Are you getting a bad case of the “Can’t Help It’s”? Here’s how you solve that problem with Square (SQ). (November 21, 2017)SQ ROKU SQ
We are going to look at Square ( NYSE:SQ ) here. You could change the ticker to l-a-t-e, like late. If you are looking at buying Square ( NYSE:SQ ) right now you have got to understand this thing is just absolutely parabolic now.
The thing is, we have to look and see this volume. Huge volume, climax volume, which is almost as high as it was back here when the stock initially broke out in February below $20.00. You didn’t get it then, you didn’t get it here or maybe like me you got it here and then you sold too soon, for reasons that escape me. And so, you didn’t get in and you are looking to buy this stock. You were thinking about buying it yesterday but you didn’t. You were thinking about buying it last Friday but you didn’t. You have been thinking about buying it all the way up but you didn’t. And finally you have got this bad case of the ‘can’t help its’, you have got to get Square ( NYSE:SQ ).

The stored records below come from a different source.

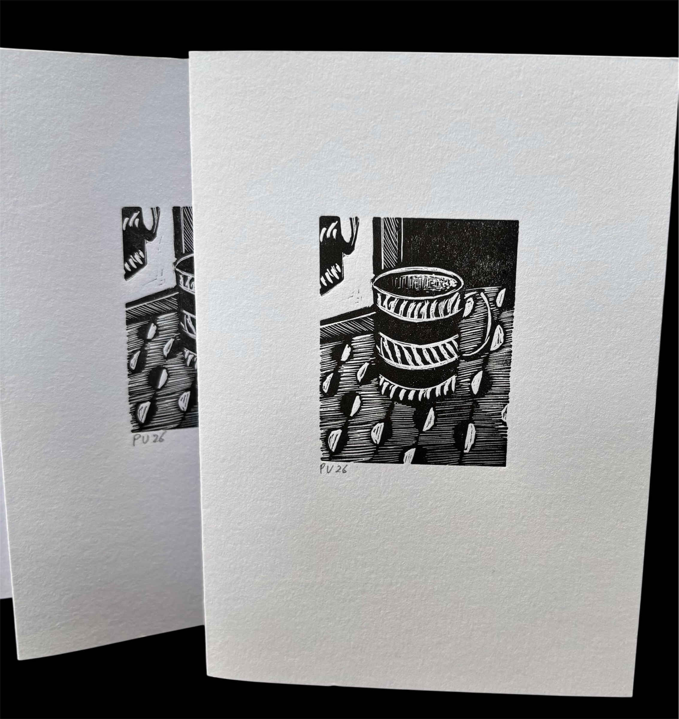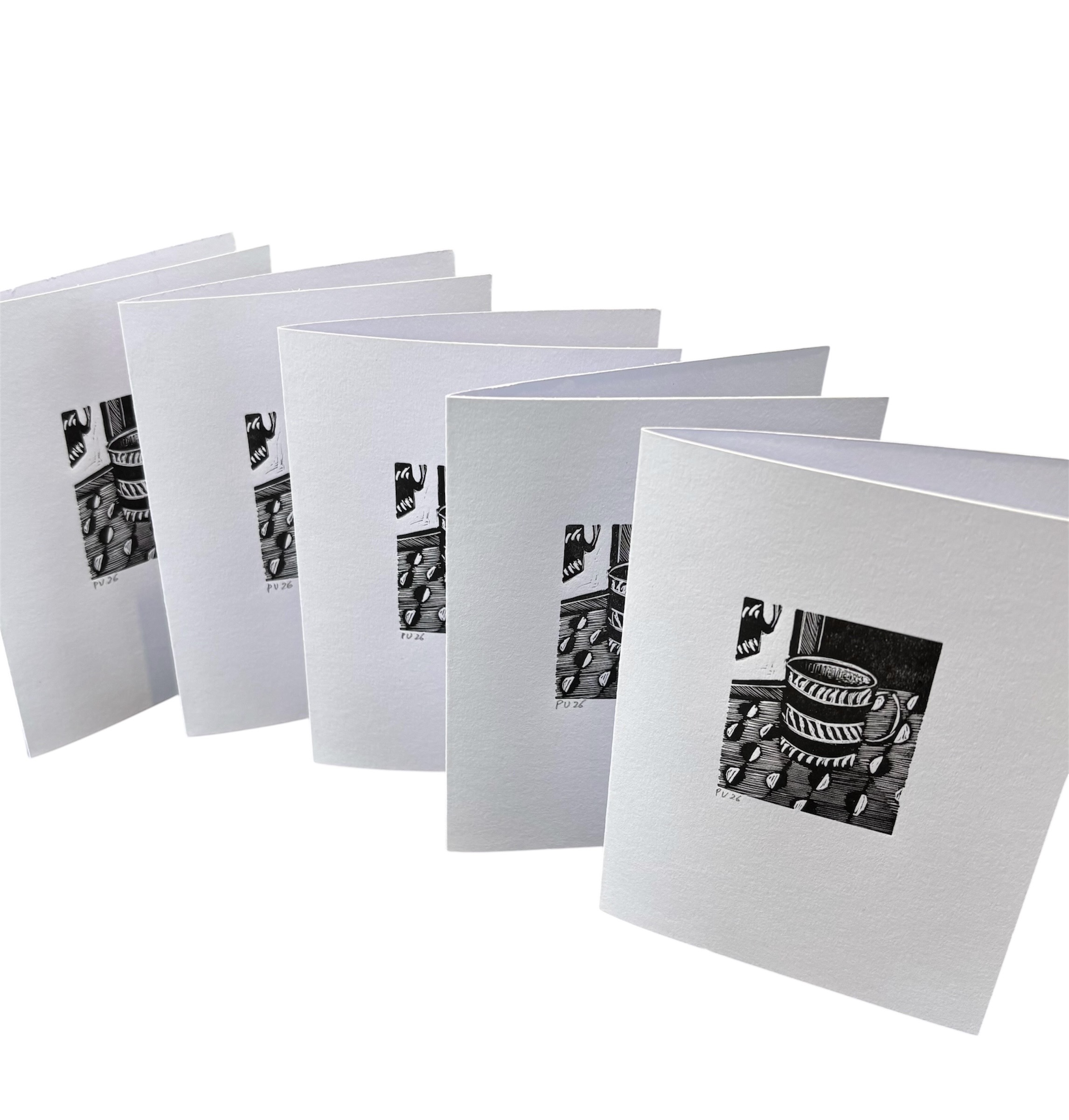 Set of 5 original wood engraving cards (Mug and Mirror)
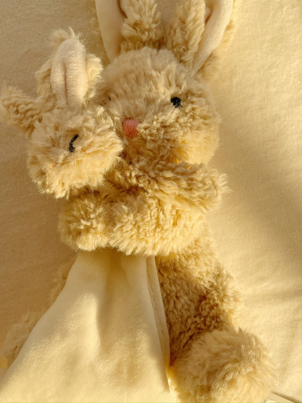 Piccobino is a soft and fluffy rabbit mama that keeps her little bunny safe and snug all day long. Designed to be used as a comforting snuggle teddy for your little one, our Piccobino snuggle toy is safe and comfy to use - day and night.
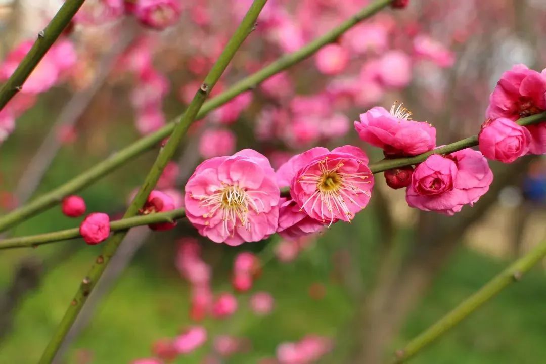 梅,小乔木,稀灌木,花单生或有时2朵同生于1芽内,直径2-2.5厘米,香味浓,先于叶开放。花萼通常红褐色,但有些品种的花萼为绿色或绿紫色;花瓣倒卵形,白色至粉红色。梅原产中国南方,已有三千多年的栽培历史,无论作观赏或果树均有许多品种。许多类型不但露地栽培供观赏,还可以栽为盆花,制作梅桩。

So here is what you do: If you really need to get this stock; and this works for virtually any stock as long as it is not a stock that is doing this, that is just going all over the place. If you have got a stock Square ( NYSE:SQ ) that is just kind of walking up, basically sprinting up the upper Bollinger Band and these Bollinger Bands look like bugles, where they are just spreading away from each other, that is a strong stock.
So here is how you trade it, it is actually pretty easy: Go ahead and buy the stock. Pay attention to the lows of the day. This was a low right here at $35.00. You want to buy the stock. Let’s say you buy the stock here on each successive day, you are buying the stock there, you are putting your stop below the prior day’s low of 35.00. Well then let’s say you didn’t get it there maybe you are going to get it here when the stock is at 40.00. Walk back a day, put your stop there. That doesn’t work; maybe you are going to get it here at 40.00, fine. Walk back a day and put your stop there.
What I am saying is, that no matter where you are buying this stock you look at the prior day’s intraday low and that is your reference for a stop. This is only a technique specific to chasing stocks. It is not a technique for any kind of trading or, “Oh you say to put your stop below the prior day’s intraday low.” If you use that as a stop methodology for all of your trades you are going to go broke very slowly one stop at a time. I am talking about using this for a specific stock that is exhibiting this characteristic of just running away. It is the type of thing where we literally don’t know whether it is going to peak tomorrow at $48.00 and come crashing down. Or whether it is going to continue higher to $68.00 before it corrects. We just don’t know.
So you use this technique. You are buying it here; you are setting your stop down here. Oh, instead you are buying it here. You are buying it here, you are setting your stop where? Down here. If you are buying it at the end of the day set your stop at the low of the same day that you bought it. Anyway, so you are just gradually walking up your stop. So now we are getting to the heart of the matter. You are going to go ahead and buy Square ( NYSE:SQ ) tomorrow at $48.00. Again, I can’t do it, it is so tempting to do it but it goes against my discipline and so I am just not going to do it, as much as I want to. But somebody is going to be buying it tomorrow. It traded 28 million shares today, some of those folks will show up again tomorrow.
If you are buying it tomorrow, whenever you are buying it, fine. You are setting your stop below today’s intraday low, which was 45.70, so maybe you set it at 45.60. I wouldn’t even set it below 45.00, 45.60 that’s it. So then what are you risking? You are risking this 6.3 percent that it has moved up. Even if you set it there you are risking like 7 percent. Or if you are just setting it slightly below today’s intraday low you are risking less than 5 percent. That is how you get on a stock like this that is running. Where you know you shouldn’t be buying it. You are chasing it you know you just shouldn’t be buying it here but by God you are going to do it anyway. At least now you have an escape hatch that you can always get to and you don’t have to worry about where to sell the stock when it breaks down.
That is kind of a similar thing to Roku ( NASDAQ:ROKU ); where once the deal is done, once the trade is over, it is over. This is a different kind of thing because it is so volatile, but if you were buying up here, and again, just a bad case of the ‘can’t help its’, the stock is moving lower and you are sitting here still hanging on to the stock after it has moved down 20 percent from this opening print, even more from this high, that is a real lonely place to be. So you have to treat these momentum stocks with respect and know that you can chase them. I wouldn’t but you can. Just make sure that you have got a tactic for getting out in case the stock does reverse on you.